-------- Data
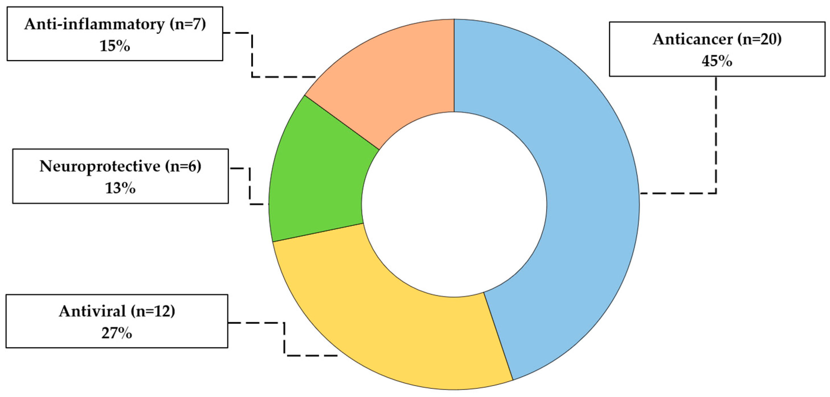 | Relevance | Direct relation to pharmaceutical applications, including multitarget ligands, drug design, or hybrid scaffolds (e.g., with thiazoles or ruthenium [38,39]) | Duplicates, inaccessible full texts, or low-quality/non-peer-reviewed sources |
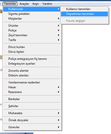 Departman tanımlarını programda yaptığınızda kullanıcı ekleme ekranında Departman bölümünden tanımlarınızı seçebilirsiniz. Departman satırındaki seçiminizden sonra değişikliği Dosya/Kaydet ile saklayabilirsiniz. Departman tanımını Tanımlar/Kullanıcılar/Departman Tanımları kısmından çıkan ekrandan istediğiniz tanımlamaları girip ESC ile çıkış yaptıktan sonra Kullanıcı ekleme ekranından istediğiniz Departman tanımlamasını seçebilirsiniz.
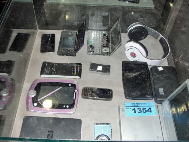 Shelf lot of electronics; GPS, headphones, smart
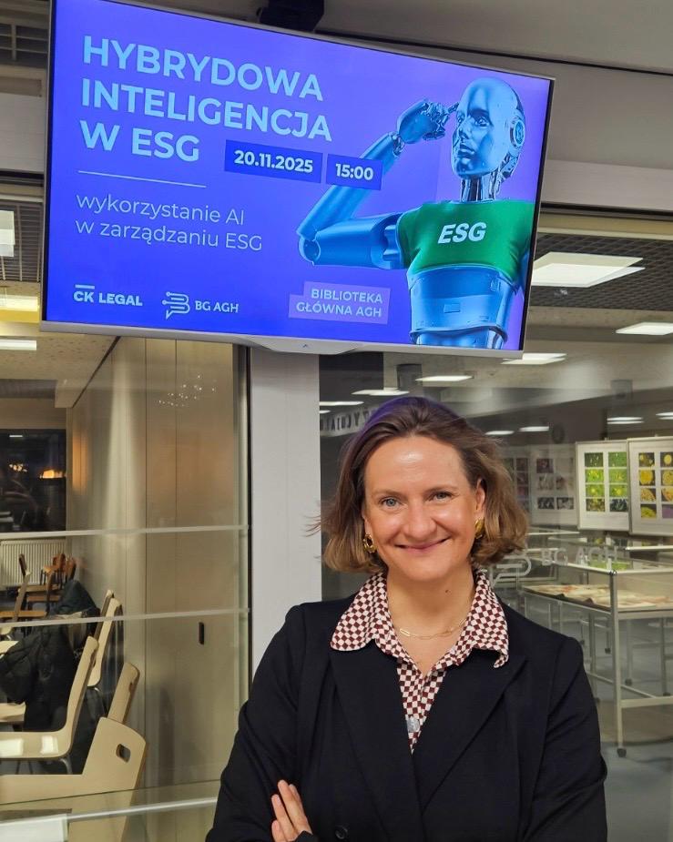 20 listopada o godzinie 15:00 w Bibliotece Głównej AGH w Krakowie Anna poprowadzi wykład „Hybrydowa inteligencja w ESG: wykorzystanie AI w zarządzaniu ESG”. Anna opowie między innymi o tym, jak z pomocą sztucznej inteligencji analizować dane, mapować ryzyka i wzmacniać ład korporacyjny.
----------------
From start to finish, output the listing exactly, but omit its pictures.

**The completed task**
 | Relevance | Direct relation to pharmaceutical applications, including multitarget ligands, drug design, or hybrid scaffolds (e.g., with thiazoles or ruthenium [38,39]) | Duplicates, inaccessible full texts, or low-quality/non-peer-reviewed sources |
 Departman tanımlarını programda yaptığınızda kullanıcı ekleme ekranında Departman bölümünden tanımlarınızı seçebilirsiniz. Departman satırındaki seçiminizden sonra değişikliği Dosya/Kaydet ile saklayabilirsiniz. Departman tanımını Tanımlar/Kullanıcılar/Departman Tanımları kısmından çıkan ekrandan istediğiniz tanımlamaları girip ESC ile çıkış yaptıktan sonra Kullanıcı ekleme ekranından istediğiniz Departman tanımlamasını seçebilirsiniz.
 Shelf lot of electronics; GPS, headphones, smart
 20 listopada o godzinie 15:00 w Bibliotece Głównej AGH w Krakowie Anna poprowadzi wykład „Hybrydowa inteligencja w ESG: wykorzystanie AI w zarządzaniu ESG”. Anna opowie między innymi o tym, jak z pomocą sztucznej inteligencji analizować dane, mapować ryzyka i wzmacniać ład korporacyjny.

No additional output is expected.